Commit Graph

13 Commits

Author SHA1 Message Date
David Green fad70c3068 [ARM] Improve WLS lowering
Recently we improved the lowering of low overhead loops and tail
predicated loops, but concentrated first on the DLS do style loops. This
extends those improvements over to the WLS while loops, improving the
chance of lowering them successfully. To do this the lowering has to
change a little as the instructions are terminators that produce a value
- something that needs to be treated carefully.

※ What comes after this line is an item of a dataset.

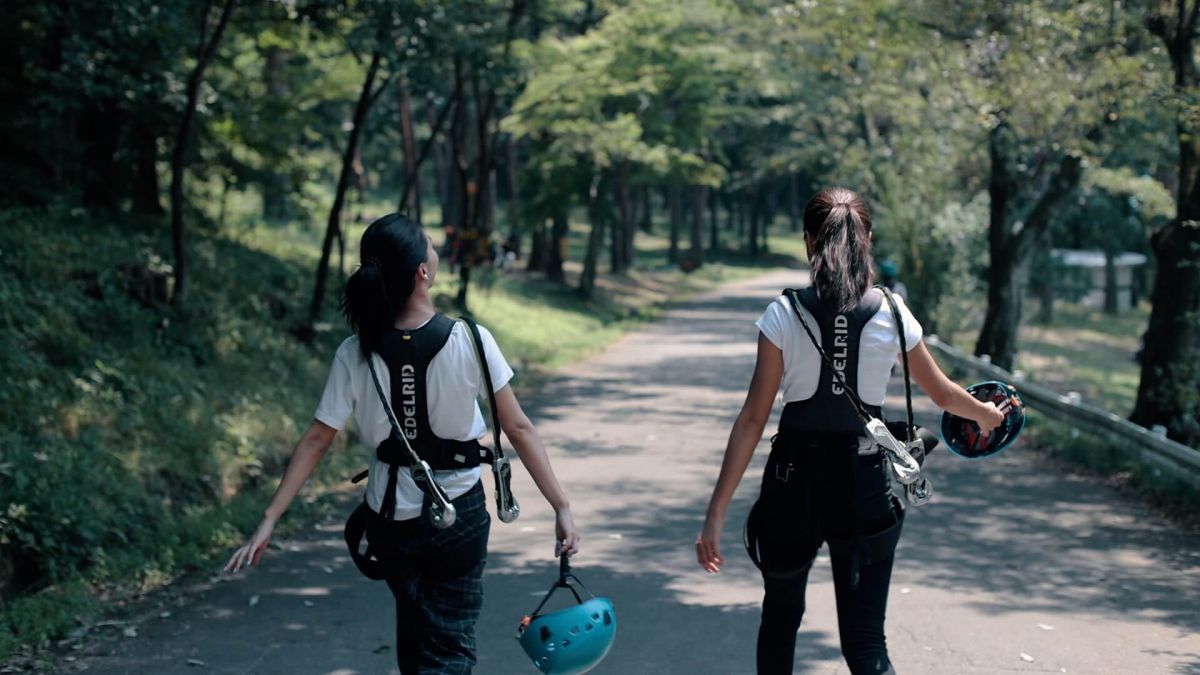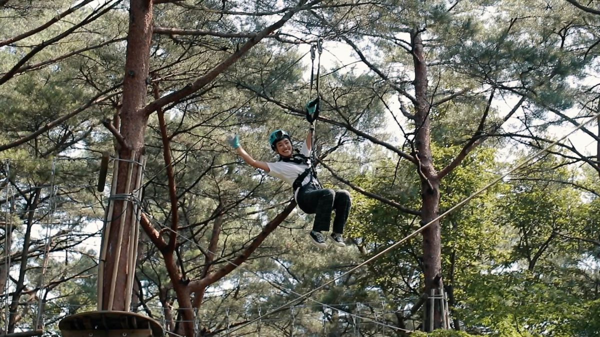 こなしていくうちに体の動かし方を覚えてきた松本さんと児玉さん、だんだん緊張もほどけ、最後は元気よくジップラインへ!大自然の中を高速で駆け抜けるジップラインは、那須高原の風を感じられる最高のアクティビティです。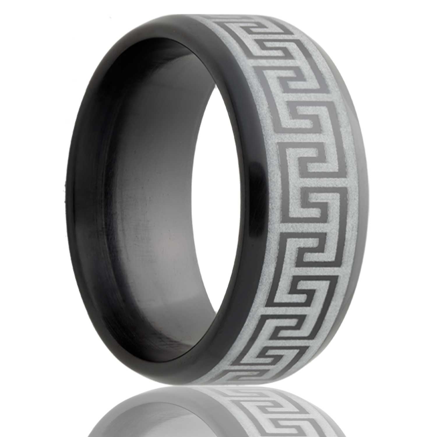 Beveled edge Zirconium band, all high polish with a laser pattern. Select width and size then add to cart.

Lowering starts at the Hardware Loop pass, inserting a new
llvm.test.start.loop.iterations that produces both an i1 to control the
loop entry and an i32 similar to the llvm.start.loop.iterations
intrinsic added for do loops. This feeds into the loop phi, properly
gluing the values together:

  %wls = call { i32, i1 } @llvm.test.start.loop.iterations.i32(i32 %div)
  %wls0 = extractvalue { i32, i1 } %wls, 0
  %wls1 = extractvalue { i32, i1 } %wls, 1
  br i1 %wls1, label %loop.ph, label %loop.exit
...
loop:
  %lsr.iv = phi i32 [ %wls0, %loop.ph ], [ %iv.next, %loop ]
  ..
  %iv.next = call i32 @llvm.loop.decrement.reg.i32(i32 %lsr.iv, i32 1)
  %cmp = icmp ne i32 %iv.next, 0
  br i1 %cmp, label %loop, label %loop.exit

The llvm.test.start.loop.iterations need to be lowered through ISel
lowering as a pair of WLS and WLSSETUP nodes, which each get converted
to t2WhileLoopSetup and t2WhileLoopStart Pseudos. This helps prevent
t2WhileLoopStart from being a terminator that produces a value,
something difficult to control at that stage in the pipeline. Instead
the t2WhileLoopSetup produces the value of LR (essentially acting as a
lr = subs rn, 0), t2WhileLoopStart consumes that lr value (the Bcc).

These are then converted into a single t2WhileLoopStartLR at the same
point as t2DoLoopStartTP and t2LoopEndDec. Otherwise we revert the loop
to prevent them from progressing further in the pipeline. The
t2WhileLoopStartLR is a single instruction that takes a GPR and produces
LR, similar to the WLS instruction.

  %1:gprlr = t2WhileLoopStartLR %0:rgpr, %bb.3
  t2B %bb.1
...
bb.2.loop:
  %2:gprlr = PHI %1:gprlr, %bb.1, %3:gprlr, %bb.2
  ...
  %3:gprlr = t2LoopEndDec %2:gprlr, %bb.2
  t2B %bb.3

The t2WhileLoopStartLR can then be treated similar to the other low
overhead loop pseudos, eventually being lowered to a WLS providing the
branches are within range.

Differential Revision: https://reviews.llvm.org/D97729
2021-03-11 17:56:19 +00:00
Roman Lebedev b46c085d2b
[NFCI] SCEVExpander: emit intrinsics for integral {u,s}{min,max} SCEV expressions
These intrinsics, not the icmp+select are the canonical form nowadays,
so we might as well directly emit them.

This should not cause any regressions, but if it does,
then then they would needed to be fixed regardless.

Note that this doesn't deal with `SCEVExpander::isHighCostExpansion()`,
but that is a pessimization, not a correctness issue.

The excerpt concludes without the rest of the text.